Unsettling Science

What You Hear May Be Fact, Falsehood, Fabrication, or Merely Fiat

Shortly after his historic 2008 presidential win, Barack Obama announced that his administration would make "scientific decisions based on facts, not ideology." His first "scientifically based" decision was to lift the ban on federally funded embryonic stem-cell research.1

To the president and his policy wonks, the science "was in," settled, that such research would lead to a medical panacea. This, despite the successes of adult stem-cell research, which had already produced dozens of treatments and cures, and the failures and well-known dangers2 (not to mention the moral implications) of embryo-destructive research.

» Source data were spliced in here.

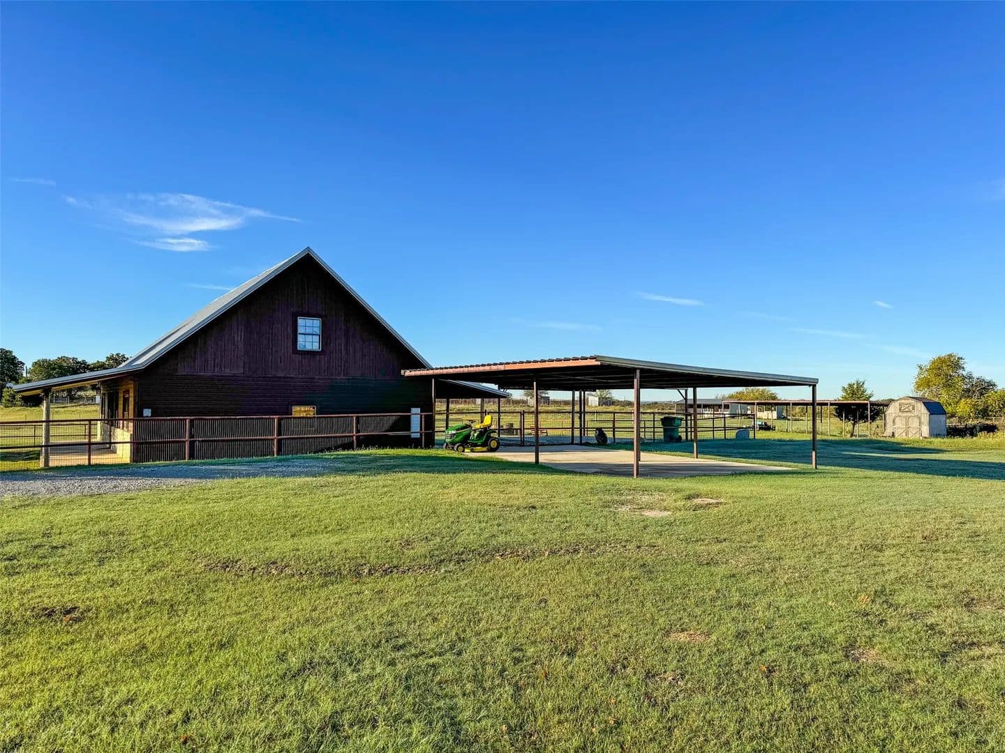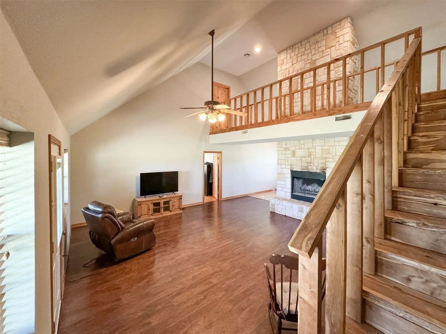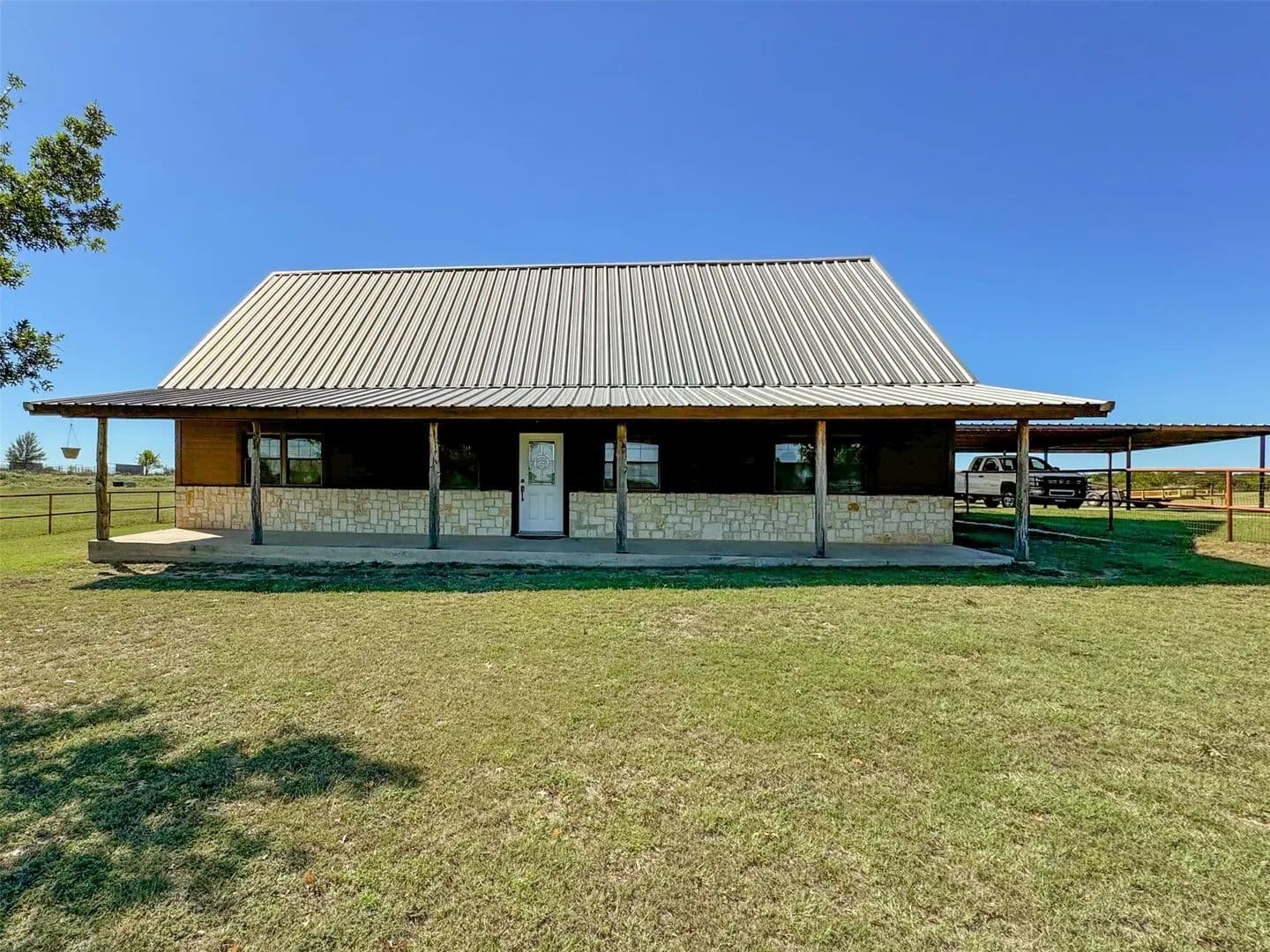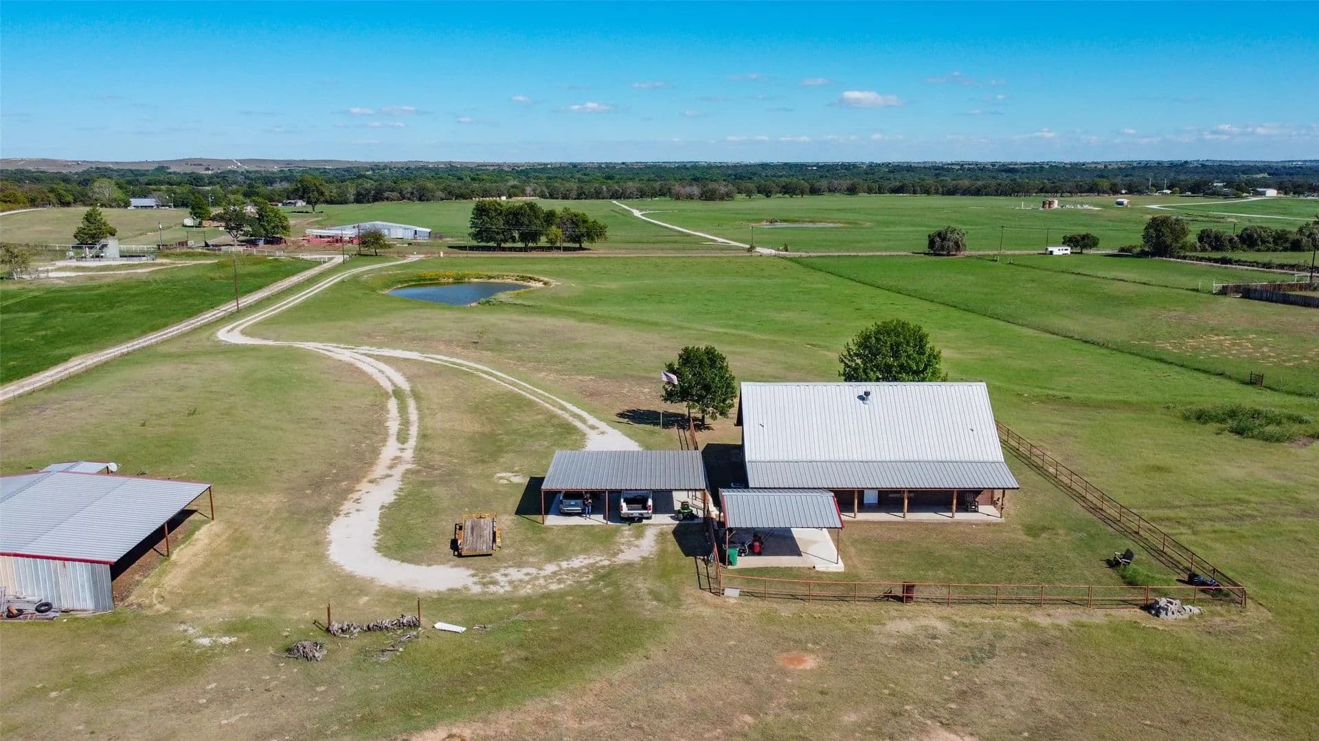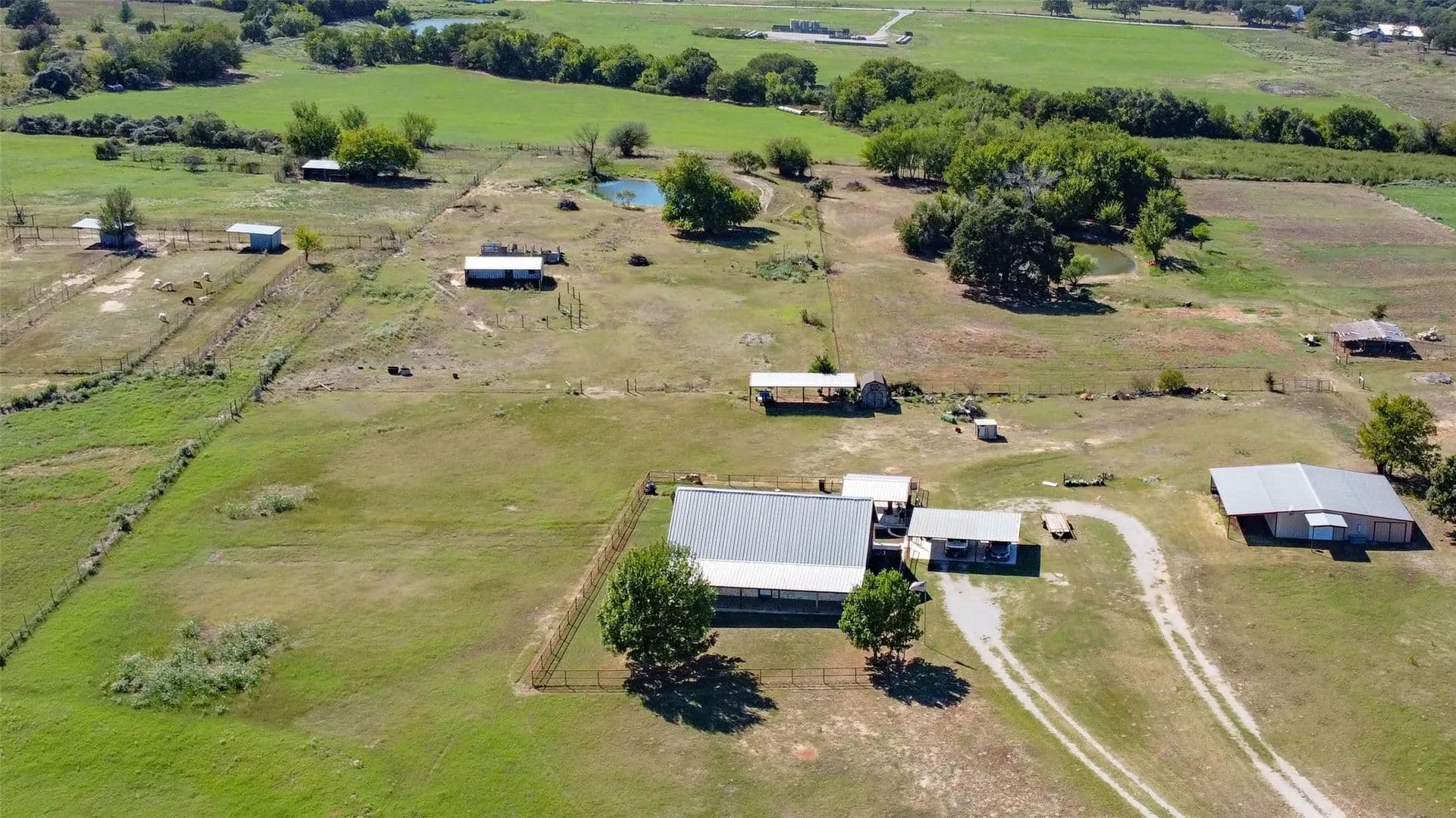 This Beautiful 10.743-acre AG-exempt property offers peaceful living for those seeking space and privacy. The home features an open floorplan with 4 bedrooms, 3.5 baths and vaulted ceilings. A spacious family room boasts a stunning 2-story stone fireplace. The master suite and an additional bedroom are located downstairs, while two bedrooms upstairs each have en-suite bathrooms and walk-in closets. Recent updates include fresh paint, granite countertops in the kitchen, quartz in the master bathroom and new plumbing fixtures. Built with ICF block, the home is both energy-efficient and quiet. Sit back and enjoy the outdoors or entertain with large covered porches at the front and back. The property also features a 40' x 45' metal barn complete with an office and loafing shed plus additional out buildings and 2 ponds that have never gone dry. The land is fully fenced, providing ample space for kids, pets, or livestock to roam freely. Main barn (40 X 30) has concrete floor with electricity, no water and a 20 X 12 office. South side has a loafing shed (40 X 15) no concrete, could easily accommodate 3 stalls. The north side (40 X 15) storage area with double doors and concrete floor. There is a breaker box to add more electricity to the sides if needed. The smaller barn in the back of the property is set up for 2 stalls with feed-tack room with concrete floor, no electricity or water.
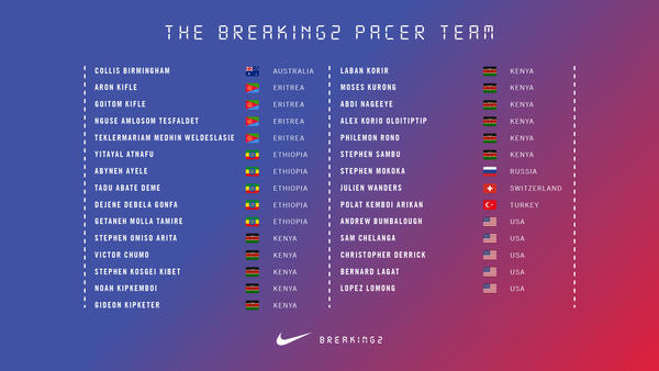 May 05, 2017 Unpacking the Breaking2 Race Strategy These are the pacing and fueling techniques that will help to guide Lelisa Desisa, Eliud Kipchoge and Zersenay Tadese to the first-ever sub-two-hour marathon finish. Share Image An electric car informs key information In this attempt, pace is everything. To help Kipchoge, Desisa and Tadese remain aware of the pace they need to maintain to hit their 1:59:59 target, an electric car (that won’t blast the athletes with exhaust) will drive about six meters ahead of the pack, showing the race pace, the amount of time that has passed and the projected marathon finish time. “This is typical of most road races, but the Breaking2 lead car will update this info every 200 meters whereas other races typically update these stats every kilometer or 5K,” says Dr. Brett Kirby, researcher and lead physiologist of the Nike Sport Research Lab. Pacers will help the runners keep record time To break the two-hour barrier, the athletes can’t afford to go a second slower than they need to. That’s why a team of 30 pacers (made up of some of the world’s best distance runners, including Bernard Lagat) will aid the runners to a sub-two-hour race finish by running to help them maintain a steady race pace and by creating a wind divergence. Athletes were invited to join the pacer crew based on their running capabilities and temperament. “We needed calm, steady pace runners who can run the same speed repeatedly,” says Dr. Brad Wilkins, a physiologist and the director of Nike Explore Team Generation Research in the Nike Sport Research Lab who works with Kirby on all things Breaking2 science. Share Image Of the 30 athletes, 18 pacers will be reserved for the lead runner while six pacers will be reserved for the lead running group and six for the second running group. Only six pacers will be on the course at one time for the lead group and they will run in a triangle formation. The three athletes (represented by the black dots) and six pacers (the red and blue dots) will line up together at the start and quickly fall into formation. Share Image “We landed on the pacer formation based on wind tunnel experiments performed in fall 2016 by Nike Sports Research Lab at the University of New Hampshire wind tunnel and our collaboration with Winning Algorithms,” explains Kirby. “Coupled with computational fluid dynamics (for example, aerodynamics modeling), we chose the best formation of pacers to block the wind.” Each pacer will cover two laps (having them run any longer than that may create pacer variation or elicit fatigue, which could make them less steady and more prone to tripping) and then make an exchange (at about 4.8 kilometers). Only three pacers will be entering or exiting the exchange zone at one time. The formation is complicated. “It’s a choreographed change-in that has to happen without us losing a second of speed,” says Kirby. A pacer exchange will happen every lap. Once the runners cross the exchange start line, the three runners who will have just finished their second lap (represented by the red dots) will exit. The three pacers who will have just run their first lap (blue dots) will move forward to begin their second lap, and the three fresh pacers (green dots) settle in in a straight line in the middle to begin their first lap. Share Image Individualized hydration will energize each athlete Kipchoge, Desisa and Tadese have a personalized race-day hydration strategy that will help them offset fluid losses from sweating and maintain ideal cardiovascular performance needed to keep their record-breaking pace. At each lap (every 2.4 kilometers) a moped handoff will deliver their specific bottles (if an athlete drops back, a table attendant will pass the fluid off to him) that contain a customized carbohydrate fluid mixture. There are 17 fluid bottles containing between 60 to 100ml for each athlete. Twelve to 14 of each of their bottles will contain a standardized drink. Three to five of each athlete’s batch will have a specialized mixture. “The total fluid volume in each of the special bottles is different from the others and they will have either a higher concentration of sugar or a different type of sugar or a sugar and caffeine combination,” explains Kirby. Watch the live stream to see the action as it unfolds. Find out more on Breaking2 here. Tags nike running nike breaking2 two hour marathon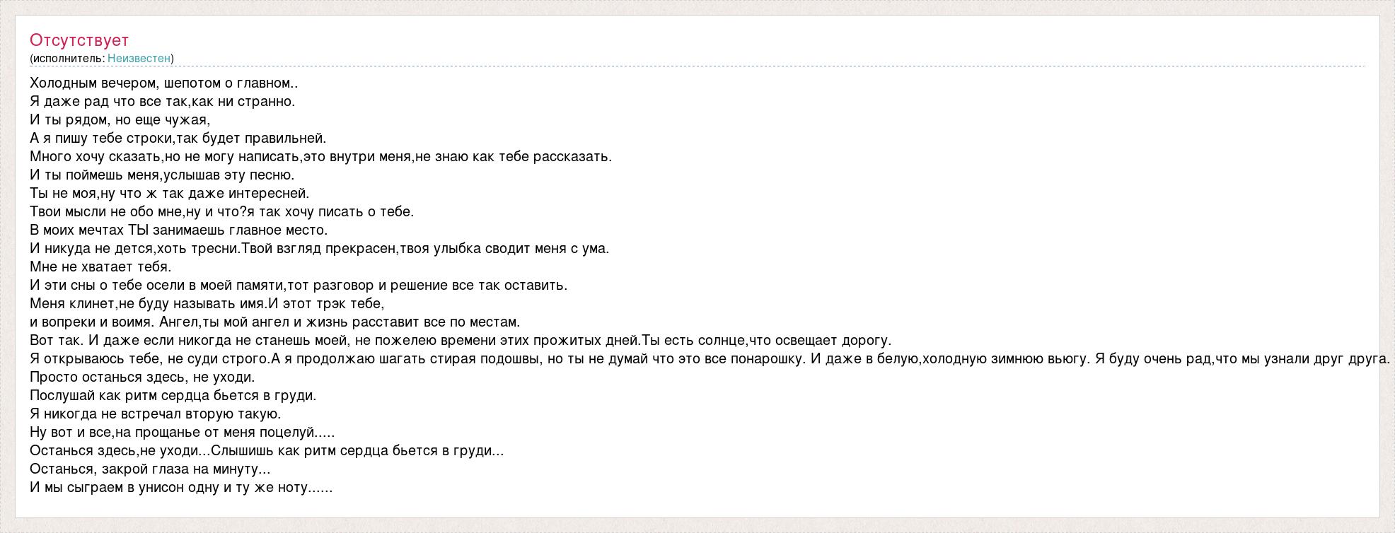 Холодным вечером, шепотом о главном.. Я даже рад что все так,как ни странно. И ты рядом, но еще чужая, А я пишу тебе строки,так будет правильней. Много хочу сказать,но не могу написать,это внутри меня,не знаю как тебе рассказать. И ты поймешь меня,услышав эту песню. Ты не моя,ну что ж так даже интересней. Твои мысли не обо мне,ну и что?я так хочу писать о тебе. В моих мечтах ТЫ занимаешь главное место. И никуда не дется,хоть тресни.Твой взгляд прекрасен,твоя улыбка сводит меня с ума. Мне не хватает тебя. И эти сны о тебе осели в моей памяти,тот разговор и решение все так оставить. Меня клинет,не буду называть имя.И этот трэк тебе, и вопреки и воимя. Ангел,ты мой ангел и жизнь расставит все по местам. Вот так. И даже если никогда не станешь моей, не пожелею времени этих прожитых дней.Ты есть солнце,что освещает дорогу. Я открываюсь тебе, не суди строго.А я продолжаю шагать стирая подошвы, но ты не думай что это все понарошку. И даже в белую,холодную зимнюю вьюгу. Я буду очень рад,что мы узнали друг друга. Просто останься здесь, не уходи. Послушай как ритм сердца бьется в груди. Я никогда не встречал вторую такую. Ну вот и все,на прощанье от меня поцелуй..... Останься здесь,не уходи...Слышишь как ритм сердца бьется в груди... Останься, закрой глаза на минуту... И мы сыграем в унисон одну и ту же ноту......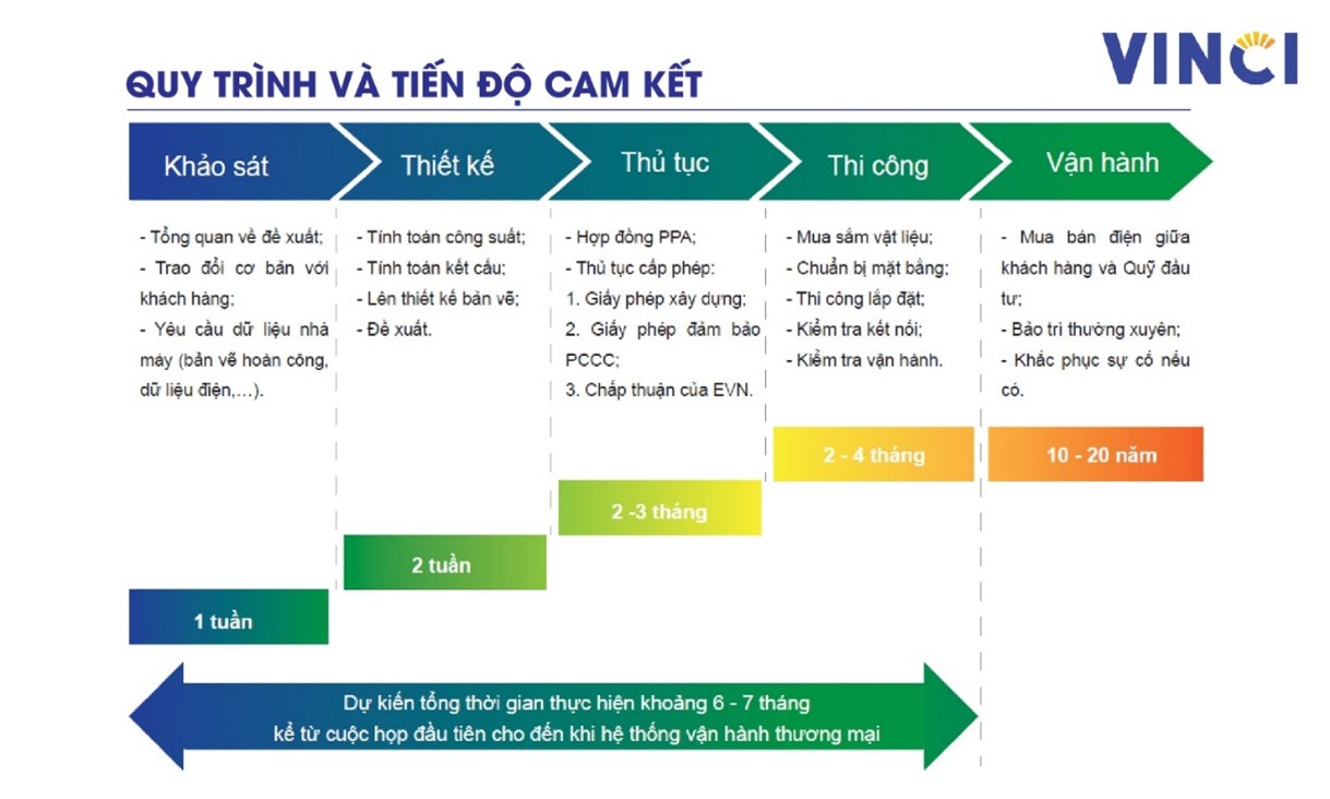 Quy trình và tiến độ cam kết từ VINCI khi lắp đặt hệ thống điện mặt trời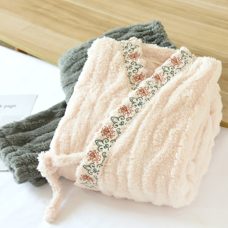 Kimono pajamas coral fleece pajamas for women Spring Autumn and Winter thickened fleece-lined long sleeve flannel home wear suit Princess style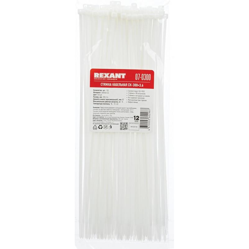 07-0300 Стяжки кабельные Rexant нейлоновые 4.0 х 300 мм белые 100 шт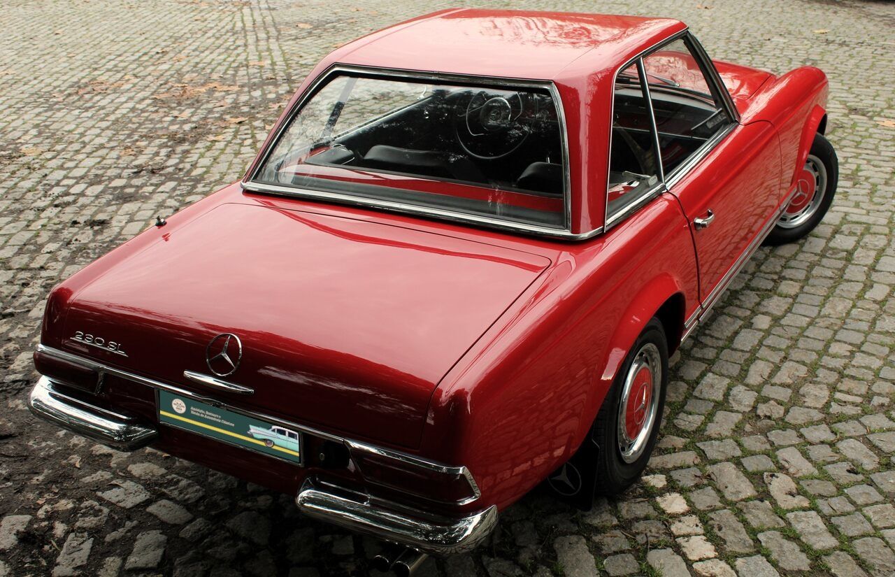 Elegante Mercedes-Benz 230 SL de 1965 em muito bom estado e com todos os acessórios originais.

Since the ban was lifted, not a single cure has resulted from embryonic stem cells,3 while adult stem-cell therapies have continued to be phenomenally successful.4

The "scientific" label comes freighted with assumptions that a matter is factual, proven, and settled. Yet the dust-bin of science is filled with once-settled "facts" that stand as reminders that scientific conclusions can be wrong—very wrong; think of geocentrism, spontaneous generation, luminiferous aether, and the fixity of time and space, to name but a few. They should give us pause anytime we hear that some current conclusion—global warming, Darwinian evolution, overpopulation, fill-in-the-blank—is a settled scientific fact beyond dispute. As someone once quipped, he who is wedded to the science of the day will soon find himself a widower.

Causes of Error

In some cases, scientific error is due to inadequate testing and verification. For example, the Aristotelian belief that heavy objects fall faster than lighter ones was the scientific consensus until Galileo actually tested it, 2,000 years later!

In other cases, ideology and researcher bias are to blame. Take the fossil record. Ian Tattersall, curator of the American Museum of Natural History, once confessed that "the [evolutionary] patterns we perceive are as likely to result from our unconscious mindsets as from the evidence itself." Likewise, Richard Leakey disclosed that his father, paleontologist Louis Leakey, had the habit of fitting fossils into a pre-conceived line of descent.

Sometimes the error is due to intentional misrepresentation, as in the case of the "peppered moth" photographs in Britain ("depicting" natural selection in action) or the embryological drawings of Darwin groupie Ernst Haeckel ("demonstrating" common ancestry). Sadly, these images and the "facts" they support continue to adorn textbooks today.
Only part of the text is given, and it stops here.